There’s a lot of sea frets round here – days when you can’t see one end of the street from the other  – and those are the days when the ships run aground. Early this year – January I think– well, months ago, anyway, there was a sea fret and the Heatherfield cargo boat from Liverpool went ashore, and it’s been sitting there ever since. It's September now and its been there so long it feels like part of the coastline, and there's always a line of seagulls across its top using it as a look out, when the salvage crew isn't aboard.

Yesterday I was in my sitting room, waiting for the postman with a parcel from my sister – the one who married a fisherman and went to live in Hartlepool, not the one who went away to London – I must tell you about her one day – anyway, I saw the Harvest Queen salvage crew working on the Heatherfield, getting the scrap iron off.

Something didn’t look quite right, and I saw that the lifeboat, the one they'd been using to ferry them to and from the Heatherfield, had come adrift.

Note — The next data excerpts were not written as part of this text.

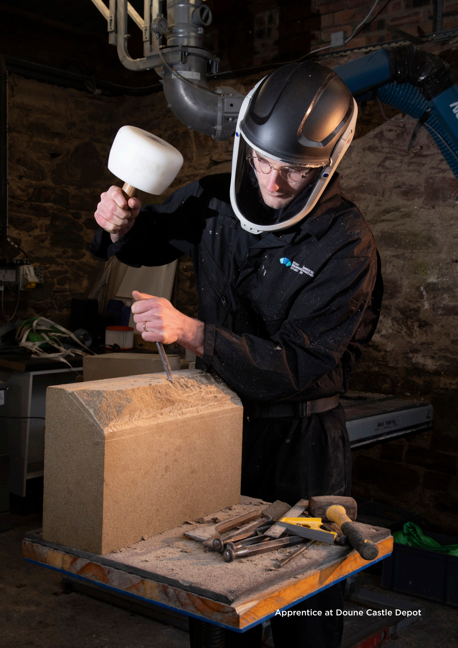
Apprentice at Doune Castle Depot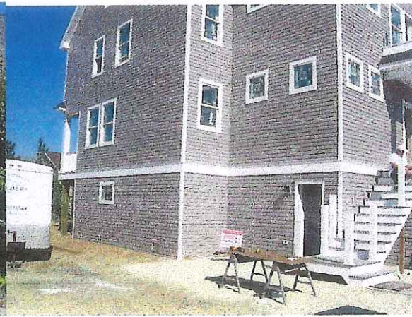
LEFT SIDE VIEW 10/18/16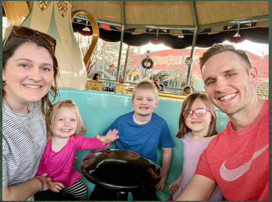
WE HAVE SEASON PASSES TO A LOCAL AMUESMENT PARK, SILVER DOLLAR CITY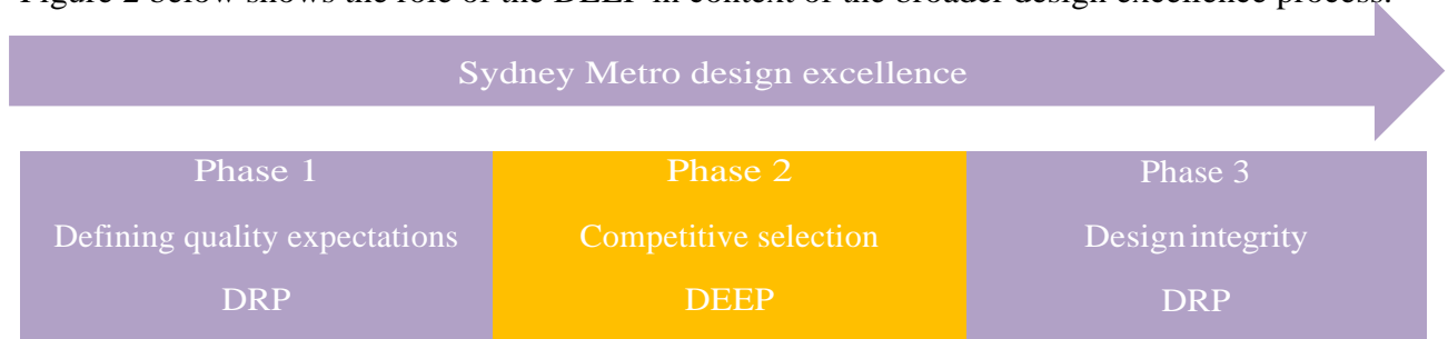
Figure 2: The Design Excellence process

Figure 2 below shows the role of the DEEP in context of the broader design excellence process.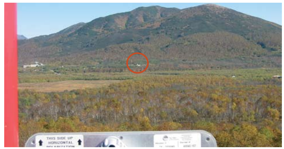
PICTURE TAKEN FROM THE COMMUNICATION TOWER IN RADIO LINE-OF-SIGHT TO THE CENTRAL RECORDING FACILITY (CIRCLED IN RED), KAMCHATKA, RUSSIAN FEDERATION

closing of the only road and the evacuation of more than 4000 residents in the area.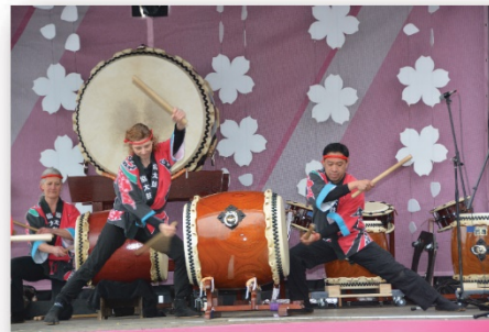
Taiko Drummers at the 2019 ANA Stage at the Tidal Basin

3. Now you are ready to play your drum and create your own beat!

Perhaps someone hadn't tied it on properly – they'll get an earful for that. The little lifeboat capsized and got washed towards the shore.

Well, that meant the men on the Heatherfield were stuck. All six of them.

I shouted to Mr George Crabtree, the plumber who was looking at the leak under my kitchen sink, and off he ran to get Mr Oliver Storm, who was on the shore seeing to his nets. The two of them took a motorboat out. They got to the boat, but the swell tossed them about so much that the crew couldn’t climb in.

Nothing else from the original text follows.